If you look at the sun for a long time, it seems to change color.
Answer
an answer without formulas and difficult terminology.
the light from the sun that reaches us on a clear day is “perfect white”. When it shines on the brightest objects (such as snow, shiny metal) they appear “perfect white”. (If you shine a red lamp on snow, the snow will appear red.)
One could now say all kinds of things about the spectrum of the sun, color temperature and the like, but that does not provide a “better” answer.
Sunlight is white because we and our eyes evolved in prehistoric times on a planet that is irradiated by the sun, and are therefore most adapted to “that” light.
In fact, our eye is a very poor “white-recognizer”. Experiments with test subjects (try it yourself!) show that we still label colors that differ greatly from each other as “white”: light gray, beige, off-white, white paper illuminated by the sun or in the shade, by fluorescent lighting or by a table lamp.

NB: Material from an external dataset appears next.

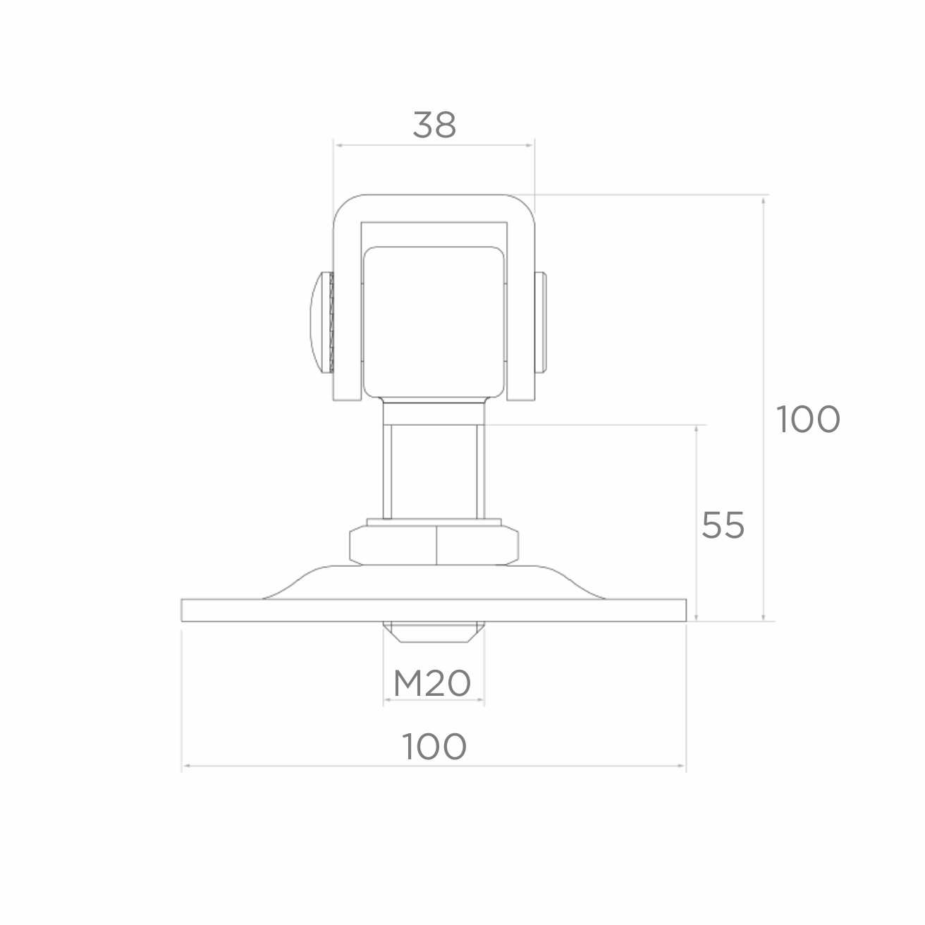 Comunello – charnière réglable pour portails battants M20, platine 100×100 mm

It turns out that our eye (along with our brain) uses the following rule: the brightest object – or light source – in the environment, we call “white”. Unless it’s very different. That’s why we won’t call a bright red bulb white
but a bright yellow one often does.
Why does the color change when you look at the sun? First and foremost: DON’T. You damage your retina. Your damaged, burned-in or heated up retina no longer works as it should and gives wrong signals, so wrong color perception. If the damage is not too bad, normal vision will return after a short time.
unless you grew up on a red star planet.